Inter Press Service - July 16, 2001
Anthony Stoppard
JOHANNESBURG, Jul 16 (IPS) - South African Catholic Bishops will consider giving their blessing to the use of condoms to prevent the spread of HIV and AIDS, at a meeting to be held next week.
The Catholic Church has traditionally been opposed to the use of condoms - or any type of artificial contraception - because they interfere with the creation of life.
"When people for whatever reason choose not to follow the values we promote as Church - within and outside of our community - then the bottom line is the real possibility that a person could transmit a death-dealing virus to another through a sexual encounter.
"Such people, who are living with the virus, must be invited and challenged to take responsibility for their actions and their effect on others. They should use a condom in order to prevent the transmission of potential death to another," says Bishop Kevin Dowling, of Rustenberg, in South Africa's North-West Province. He also is a co-ordinator of the South African Catholic Bishops Conference (SACBC) AIDS Office.
The Catholic Church sees the use of a condom not as a means to prevent the "transmission of life" but rather as a means to prevent the "transmission of death" or potential death to another, Dowling points out. He affirmed his belief in the Catholic Church's position that the only complete safeguard against infection by the HIV and AIDS is abstinence from sex before marriage, and faithfulness to one's partner in marriage.
He also made it clear that he was not speaking on behalf of the SACBC. "My personal stance on this issue comes out of much reflection, not to say anguish over the enormity of the suffering of people in the AIDS pandemic, which I have experienced in a very personal way in my own ministry and support of AIDS programmes in the diocese'', he explains.
His views - and that of others in the AIDS Office - are contained in a draft pastoral statement that will be considered by a plenary of the SACBC, scheduled for Jul 24. The SACBC has not issued any official statement on the discussion document - which is still being circulated to its bishops. Indications are that the SACBC will not comment on the draft statement until after its plenary meeting.

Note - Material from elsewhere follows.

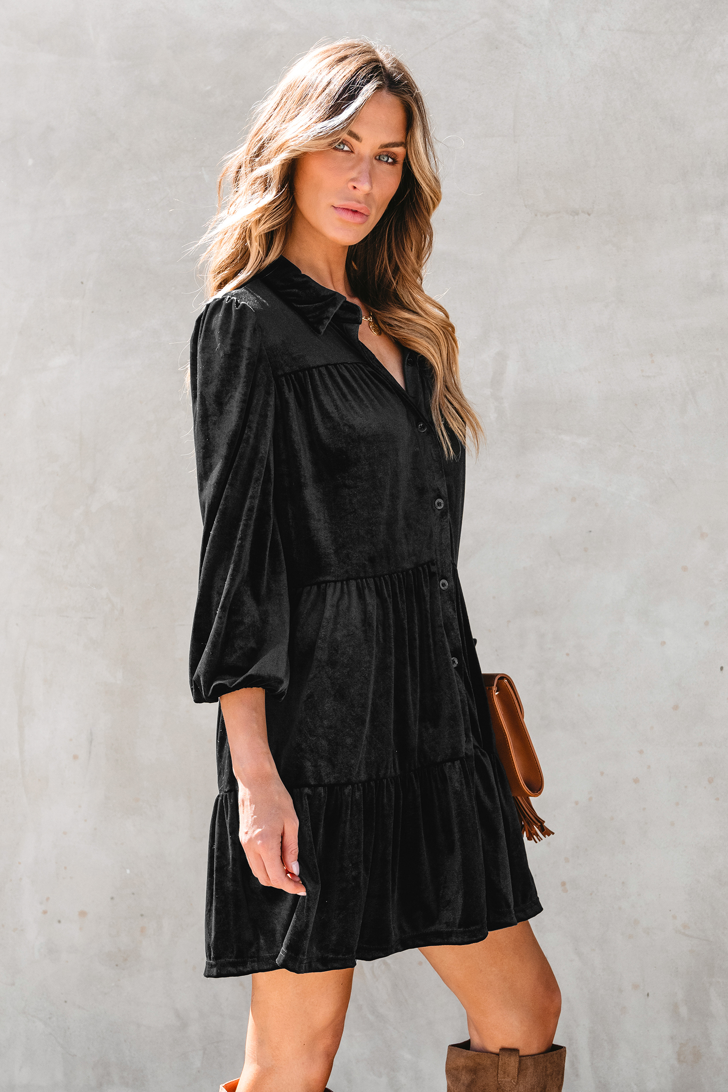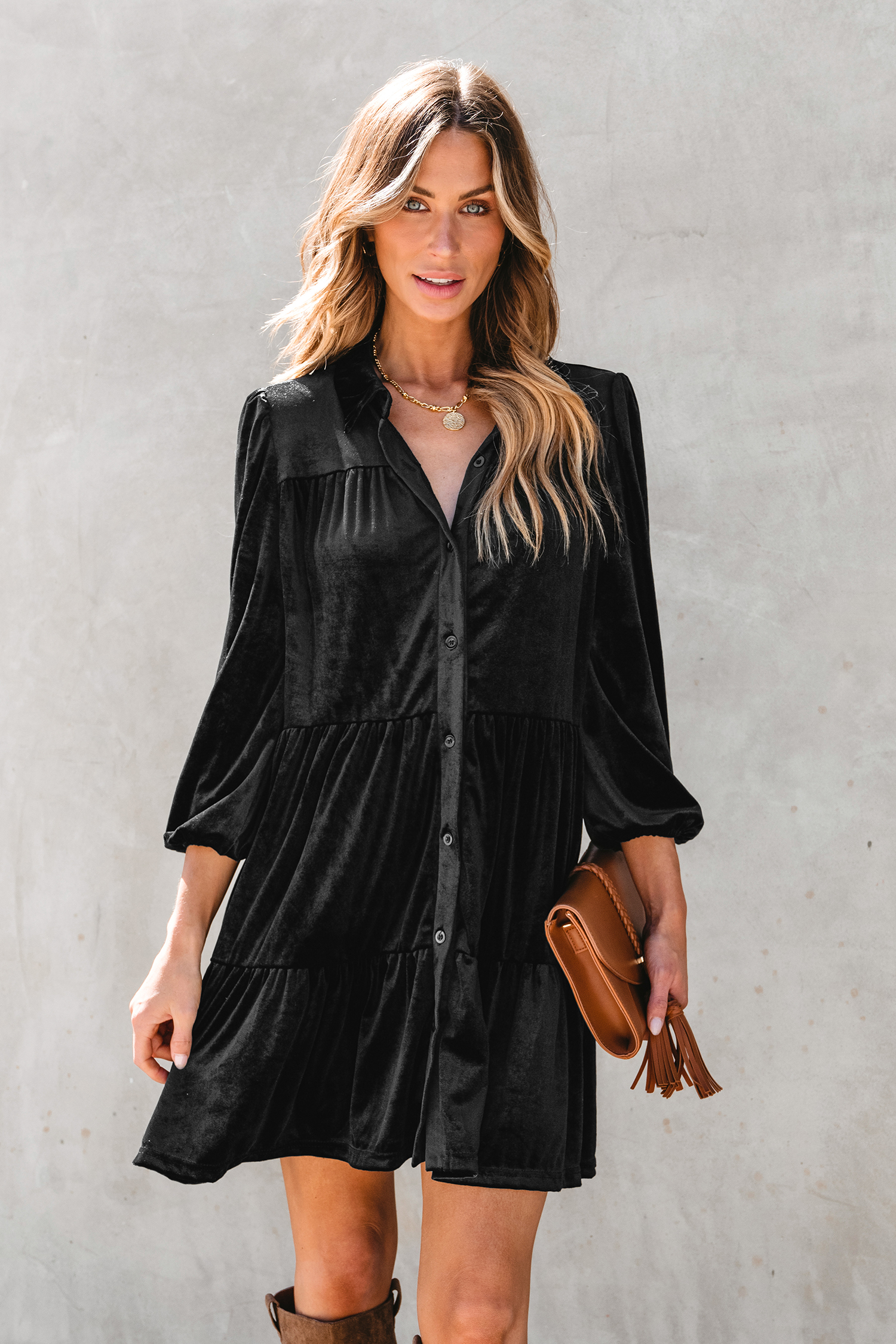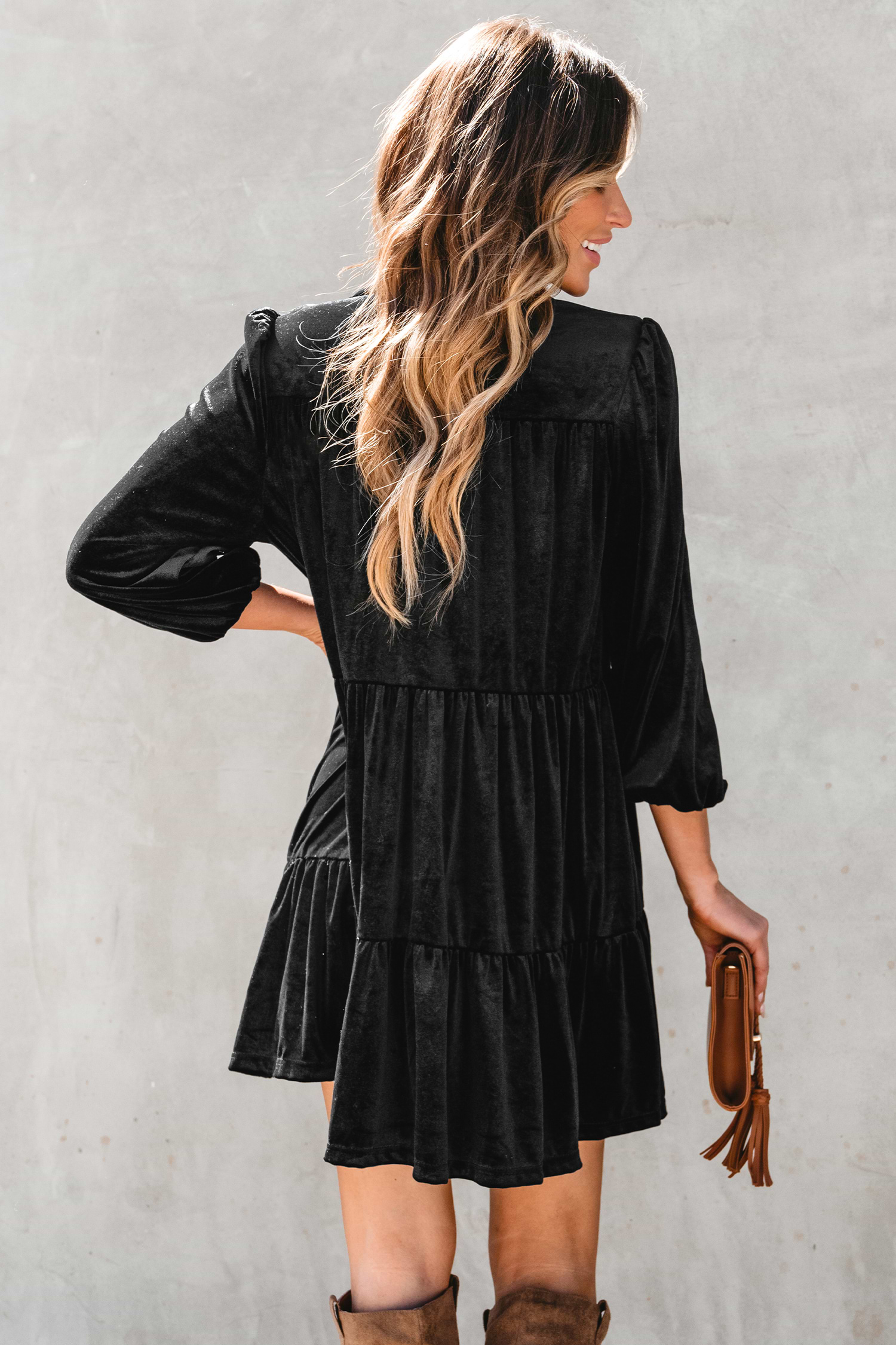 x JoJo Crystal Embellished Black Velour Mini Dress

However, the Archbishop of the coastal city of Durban, Denis Hurley, has reportedly backed Dowling's stance. The SACBC AIDS Office supports 85 programmes and projects in Namibia, Botswana, Swaziland, Lesotho and South Africa. This makes it one of the largest anti-HIV and AIDS programmes in Southern Africa and active in four of the five countries with the highest HIV and AIDS infection rates in the world.
The programmes include education and prevention projects where teachers in primary and secondary schools in the Catholic network, and elsewhere, are trained to deal with sexuality and AIDS.
Orphan care and placement is another priority for the AIDS Office. At Winterveldt, a poverty-stricken area north of Johannesburg, it brings AIDS orphans to a Church centre where they receive proper treatment, food and support, plus care for the day.
Other programmes are trying to develop a network that will provide support to parents that take in orphans in a foster care programme. This programme will be an important focus for the office over the coming years as it is enormously complex. There is a need to change people's attitudes, to develop a spirit of caring and fostering in communities and to find a way to provide food and medical support for foster families. Once enough funding is secured, the office hopes to build a small eco-village to provide homes for families who are willing to foster and care for AIDS orphans.
The Office also has a great number of home-care and counselling programmes in all five countries where they operate. Members of the community are trained in counselling and home-care work and receive certificates at the end of their course. These people are paid a stipend for their work - to enable them live - and are provided with the medical kits they need for home-care work.
There are also several in-patient units in which terminally ill people with AIDS - and with no-one to care for them - are brought so that they can be supported and cared for in an environment where they can die with dignity.
The office also is setting-up a Mother to Child Transmission Prevention Programme (MTCT). Once an evaluation is complete and the support structures are in place, they hope to begin the programme in August by providing Nevirapine, which will be bought with funding, to pregnant mothers to reduce the incidence of transmission to the child.
Later, the office is planning to negotiate with pharmaceutical companies to provide a cocktail of anti-retrovirals that will keep the mothers on the MTCT programme alive as long as possible.